_ABOUT THIS TASK_.
Please return each of the entries exactly, minus their pictures.

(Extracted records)
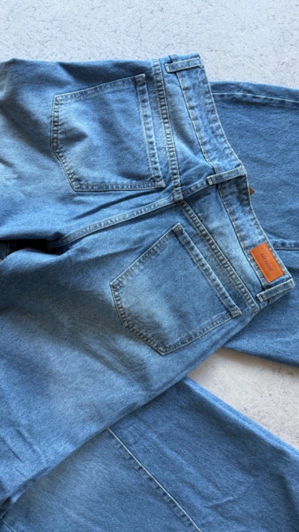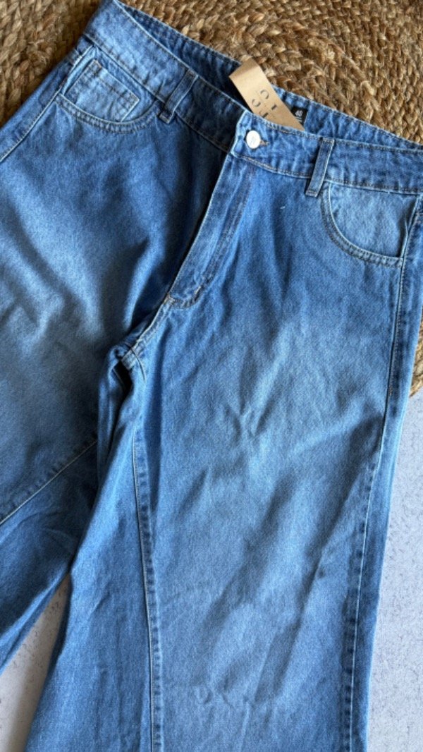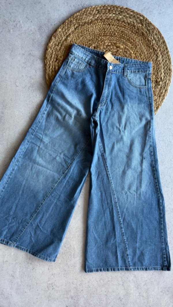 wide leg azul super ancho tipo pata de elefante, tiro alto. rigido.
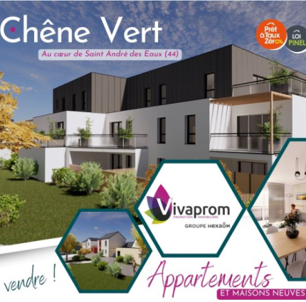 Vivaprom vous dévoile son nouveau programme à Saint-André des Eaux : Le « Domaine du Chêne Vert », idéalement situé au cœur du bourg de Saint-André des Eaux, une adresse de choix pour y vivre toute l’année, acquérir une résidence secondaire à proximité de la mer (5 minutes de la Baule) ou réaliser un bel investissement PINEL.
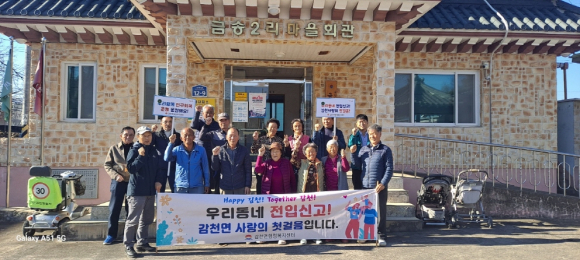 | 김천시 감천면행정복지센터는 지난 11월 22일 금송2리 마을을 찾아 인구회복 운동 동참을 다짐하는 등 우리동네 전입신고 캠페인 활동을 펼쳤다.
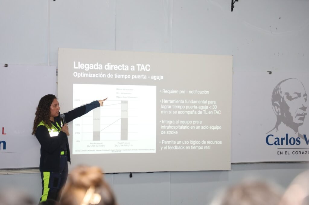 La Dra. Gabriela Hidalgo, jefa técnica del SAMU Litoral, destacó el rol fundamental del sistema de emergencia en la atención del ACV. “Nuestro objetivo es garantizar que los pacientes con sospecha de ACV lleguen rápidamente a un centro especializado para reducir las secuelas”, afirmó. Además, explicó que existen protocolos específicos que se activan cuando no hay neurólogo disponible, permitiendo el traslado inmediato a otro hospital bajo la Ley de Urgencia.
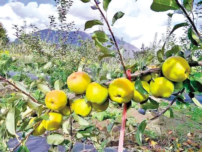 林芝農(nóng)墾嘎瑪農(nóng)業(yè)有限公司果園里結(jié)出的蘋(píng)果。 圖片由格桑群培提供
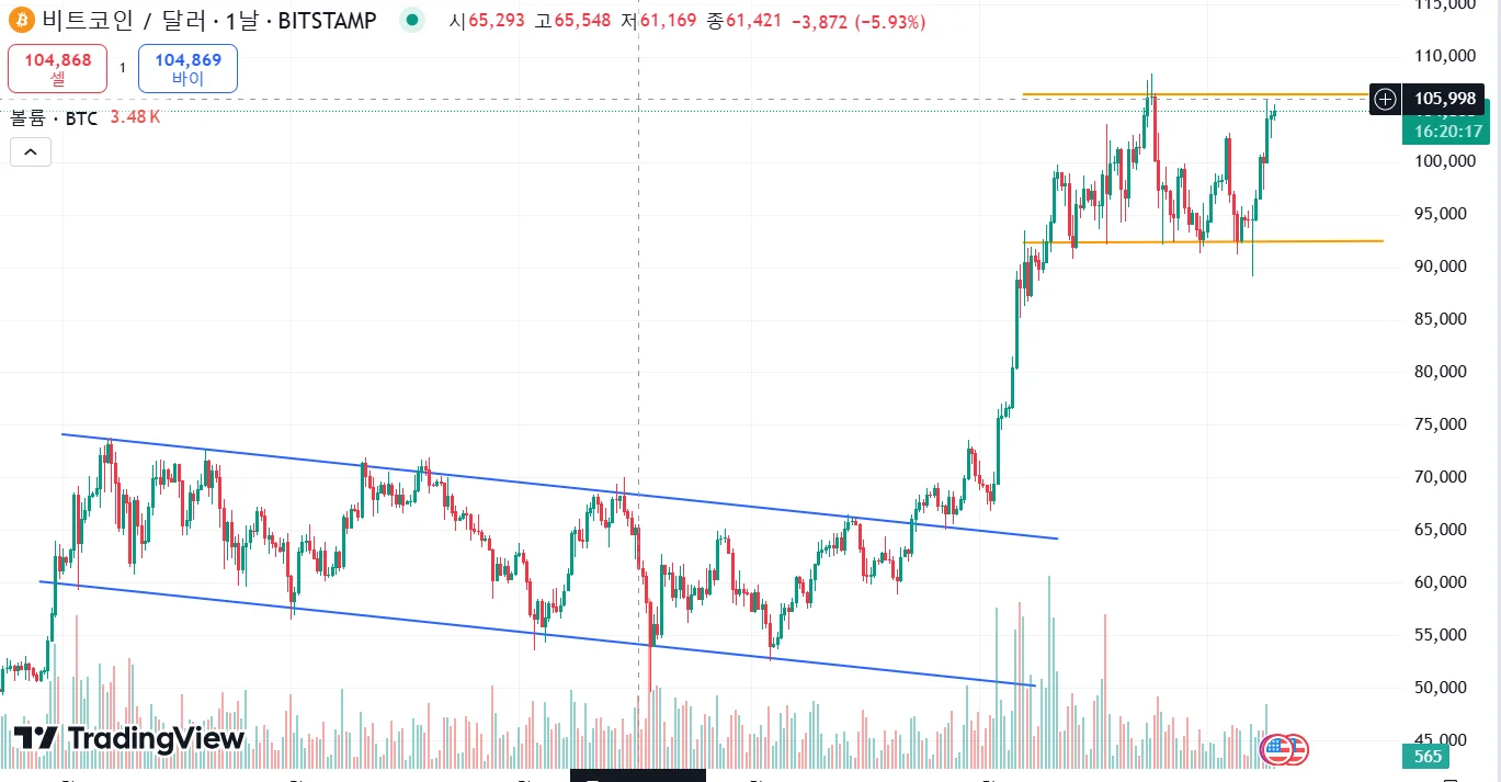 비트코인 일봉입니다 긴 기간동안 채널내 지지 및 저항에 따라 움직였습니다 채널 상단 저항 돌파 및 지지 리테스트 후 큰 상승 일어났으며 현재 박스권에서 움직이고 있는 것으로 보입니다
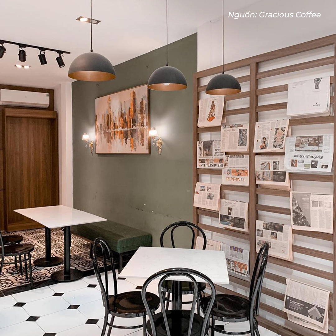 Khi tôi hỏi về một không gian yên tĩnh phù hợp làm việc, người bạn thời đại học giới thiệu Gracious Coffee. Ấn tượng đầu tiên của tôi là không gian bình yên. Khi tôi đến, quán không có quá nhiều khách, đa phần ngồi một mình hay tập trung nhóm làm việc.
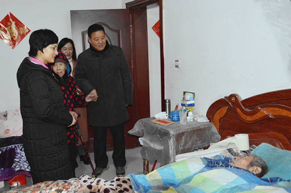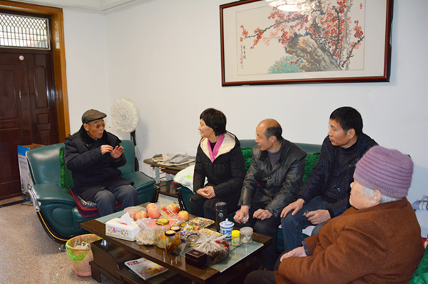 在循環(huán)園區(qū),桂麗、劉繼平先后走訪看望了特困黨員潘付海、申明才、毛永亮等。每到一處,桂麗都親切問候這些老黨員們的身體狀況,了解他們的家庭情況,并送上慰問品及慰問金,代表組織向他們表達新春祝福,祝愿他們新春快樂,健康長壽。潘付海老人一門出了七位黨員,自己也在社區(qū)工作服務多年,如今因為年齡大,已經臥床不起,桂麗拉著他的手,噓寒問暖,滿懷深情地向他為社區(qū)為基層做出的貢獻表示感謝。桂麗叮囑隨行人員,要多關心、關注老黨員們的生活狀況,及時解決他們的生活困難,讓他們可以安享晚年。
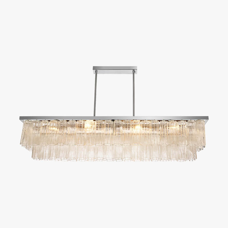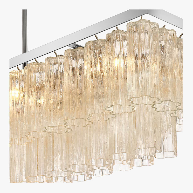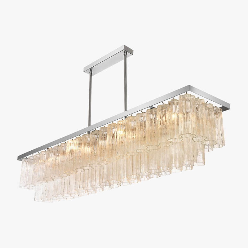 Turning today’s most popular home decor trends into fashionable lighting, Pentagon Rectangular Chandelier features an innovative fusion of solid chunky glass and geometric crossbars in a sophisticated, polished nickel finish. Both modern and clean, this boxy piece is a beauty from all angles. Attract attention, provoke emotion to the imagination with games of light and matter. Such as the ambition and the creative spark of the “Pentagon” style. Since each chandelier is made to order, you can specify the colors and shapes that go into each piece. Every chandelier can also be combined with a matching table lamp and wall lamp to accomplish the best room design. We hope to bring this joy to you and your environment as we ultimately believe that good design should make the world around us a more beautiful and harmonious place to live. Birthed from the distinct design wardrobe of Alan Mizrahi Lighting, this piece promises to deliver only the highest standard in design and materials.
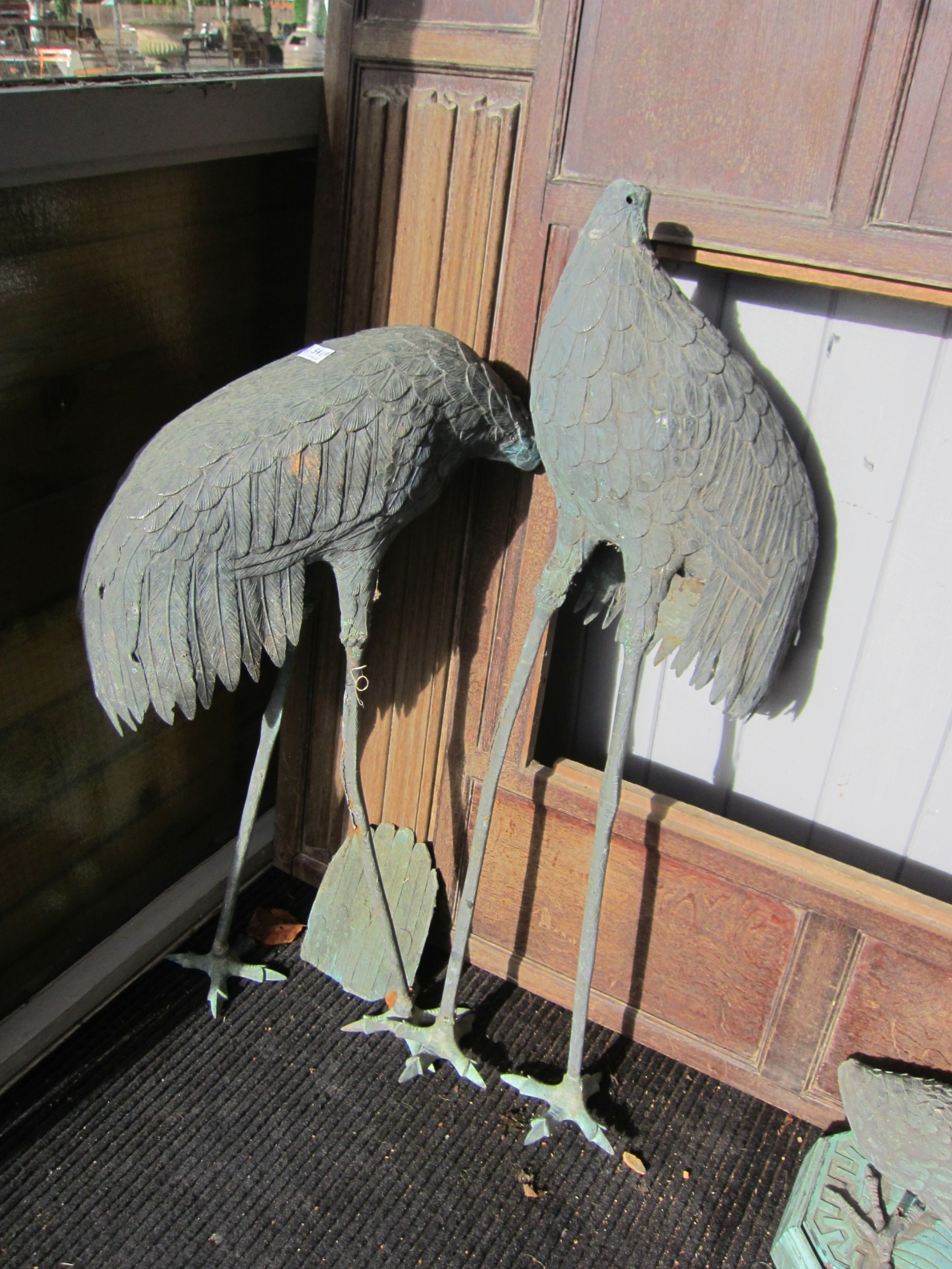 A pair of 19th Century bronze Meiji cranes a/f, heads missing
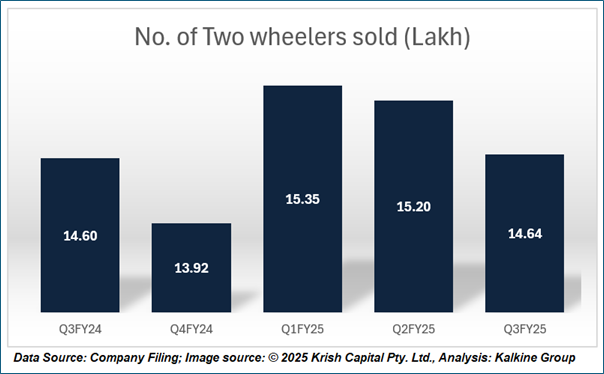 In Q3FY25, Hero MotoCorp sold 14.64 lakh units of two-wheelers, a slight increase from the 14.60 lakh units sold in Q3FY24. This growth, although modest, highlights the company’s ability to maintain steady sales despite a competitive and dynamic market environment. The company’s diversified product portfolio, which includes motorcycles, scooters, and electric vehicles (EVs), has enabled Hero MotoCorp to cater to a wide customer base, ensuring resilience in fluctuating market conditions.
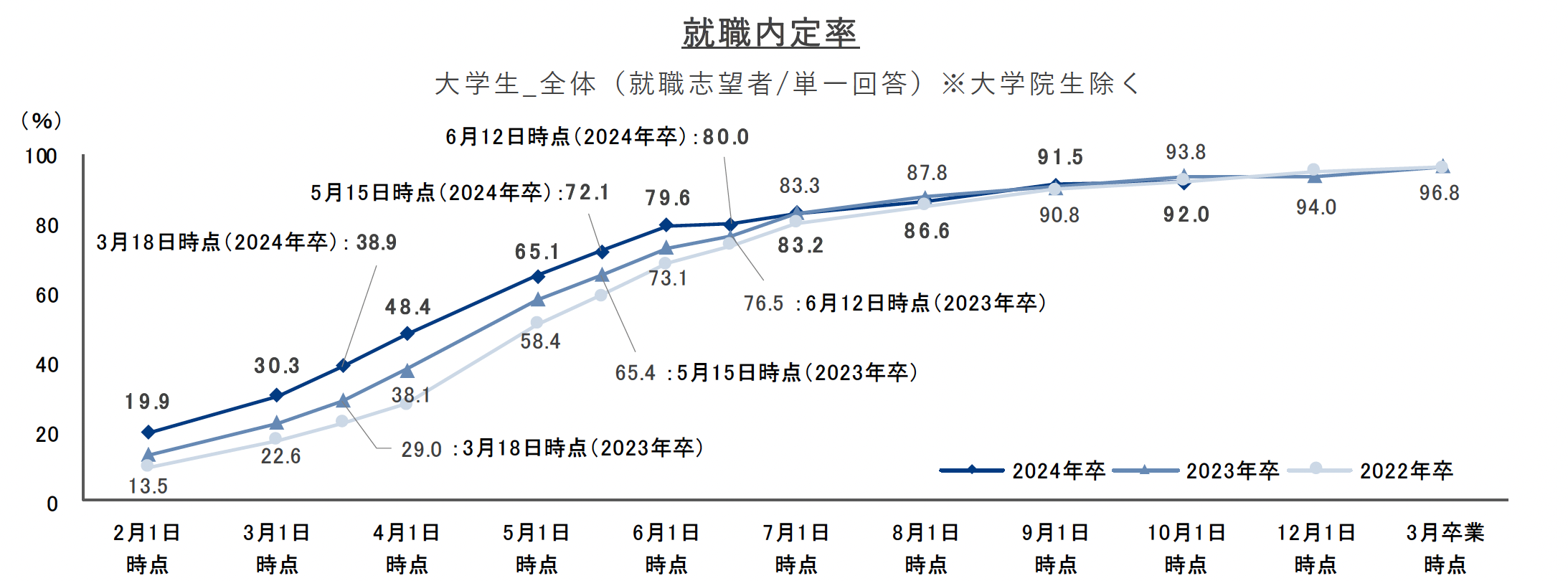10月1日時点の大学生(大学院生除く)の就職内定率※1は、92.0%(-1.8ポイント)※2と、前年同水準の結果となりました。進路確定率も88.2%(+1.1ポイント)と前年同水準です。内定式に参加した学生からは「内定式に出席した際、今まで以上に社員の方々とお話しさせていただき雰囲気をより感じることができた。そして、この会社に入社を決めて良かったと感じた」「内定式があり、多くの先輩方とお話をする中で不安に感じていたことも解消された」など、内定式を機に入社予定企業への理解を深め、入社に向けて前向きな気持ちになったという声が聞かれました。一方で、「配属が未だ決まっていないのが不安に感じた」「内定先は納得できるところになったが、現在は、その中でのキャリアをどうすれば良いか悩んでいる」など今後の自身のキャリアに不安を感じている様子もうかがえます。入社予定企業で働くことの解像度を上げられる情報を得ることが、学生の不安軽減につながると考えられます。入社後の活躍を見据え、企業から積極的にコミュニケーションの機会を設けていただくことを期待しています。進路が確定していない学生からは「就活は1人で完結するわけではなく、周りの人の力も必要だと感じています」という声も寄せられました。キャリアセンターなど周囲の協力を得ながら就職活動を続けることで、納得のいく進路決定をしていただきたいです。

_OUTPUT FOR THIS TASK_.
 wide leg azul super ancho tipo pata de elefante, tiro alto. rigido.
 Vivaprom vous dévoile son nouveau programme à Saint-André des Eaux : Le « Domaine du Chêne Vert », idéalement situé au cœur du bourg de Saint-André des Eaux, une adresse de choix pour y vivre toute l’année, acquérir une résidence secondaire à proximité de la mer (5 minutes de la Baule) ou réaliser un bel investissement PINEL.
 | 김천시 감천면행정복지센터는 지난 11월 22일 금송2리 마을을 찾아 인구회복 운동 동참을 다짐하는 등 우리동네 전입신고 캠페인 활동을 펼쳤다.
 La Dra. Gabriela Hidalgo, jefa técnica del SAMU Litoral, destacó el rol fundamental del sistema de emergencia en la atención del ACV. “Nuestro objetivo es garantizar que los pacientes con sospecha de ACV lleguen rápidamente a un centro especializado para reducir las secuelas”, afirmó. Además, explicó que existen protocolos específicos que se activan cuando no hay neurólogo disponible, permitiendo el traslado inmediato a otro hospital bajo la Ley de Urgencia.
 林芝農(nóng)墾嘎瑪農(nóng)業(yè)有限公司果園里結(jié)出的蘋(píng)果。 圖片由格桑群培提供
 비트코인 일봉입니다 긴 기간동안 채널내 지지 및 저항에 따라 움직였습니다 채널 상단 저항 돌파 및 지지 리테스트 후 큰 상승 일어났으며 현재 박스권에서 움직이고 있는 것으로 보입니다
 Khi tôi hỏi về một không gian yên tĩnh phù hợp làm việc, người bạn thời đại học giới thiệu Gracious Coffee. Ấn tượng đầu tiên của tôi là không gian bình yên. Khi tôi đến, quán không có quá nhiều khách, đa phần ngồi một mình hay tập trung nhóm làm việc.
 在循環(huán)園區(qū),桂麗、劉繼平先后走訪看望了特困黨員潘付海、申明才、毛永亮等。每到一處,桂麗都親切問候這些老黨員們的身體狀況,了解他們的家庭情況,并送上慰問品及慰問金,代表組織向他們表達新春祝福,祝愿他們新春快樂,健康長壽。潘付海老人一門出了七位黨員,自己也在社區(qū)工作服務多年,如今因為年齡大,已經臥床不起,桂麗拉著他的手,噓寒問暖,滿懷深情地向他為社區(qū)為基層做出的貢獻表示感謝。桂麗叮囑隨行人員,要多關心、關注老黨員們的生活狀況,及時解決他們的生活困難,讓他們可以安享晚年。
 Turning today’s most popular home decor trends into fashionable lighting, Pentagon Rectangular Chandelier features an innovative fusion of solid chunky glass and geometric crossbars in a sophisticated, polished nickel finish. Both modern and clean, this boxy piece is a beauty from all angles. Attract attention, provoke emotion to the imagination with games of light and matter. Such as the ambition and the creative spark of the “Pentagon” style. Since each chandelier is made to order, you can specify the colors and shapes that go into each piece. Every chandelier can also be combined with a matching table lamp and wall lamp to accomplish the best room design. We hope to bring this joy to you and your environment as we ultimately believe that good design should make the world around us a more beautiful and harmonious place to live. Birthed from the distinct design wardrobe of Alan Mizrahi Lighting, this piece promises to deliver only the highest standard in design and materials.
 A pair of 19th Century bronze Meiji cranes a/f, heads missing
 In Q3FY25, Hero MotoCorp sold 14.64 lakh units of two-wheelers, a slight increase from the 14.60 lakh units sold in Q3FY24. This growth, although modest, highlights the company’s ability to maintain steady sales despite a competitive and dynamic market environment. The company’s diversified product portfolio, which includes motorcycles, scooters, and electric vehicles (EVs), has enabled Hero MotoCorp to cater to a wide customer base, ensuring resilience in fluctuating market conditions.
10月1日時点の大学生(大学院生除く)の就職内定率※1は、92.0%(-1.8ポイント)※2と、前年同水準の結果となりました。進路確定率も88.2%(+1.1ポイント)と前年同水準です。内定式に参加した学生からは「内定式に出席した際、今まで以上に社員の方々とお話しさせていただき雰囲気をより感じることができた。そして、この会社に入社を決めて良かったと感じた」「内定式があり、多くの先輩方とお話をする中で不安に感じていたことも解消された」など、内定式を機に入社予定企業への理解を深め、入社に向けて前向きな気持ちになったという声が聞かれました。一方で、「配属が未だ決まっていないのが不安に感じた」「内定先は納得できるところになったが、現在は、その中でのキャリアをどうすれば良いか悩んでいる」など今後の自身のキャリアに不安を感じている様子もうかがえます。入社予定企業で働くことの解像度を上げられる情報を得ることが、学生の不安軽減につながると考えられます。入社後の活躍を見据え、企業から積極的にコミュニケーションの機会を設けていただくことを期待しています。進路が確定していない学生からは「就活は1人で完結するわけではなく、周りの人の力も必要だと感じています」という声も寄せられました。キャリアセンターなど周囲の協力を得ながら就職活動を続けることで、納得のいく進路決定をしていただきたいです。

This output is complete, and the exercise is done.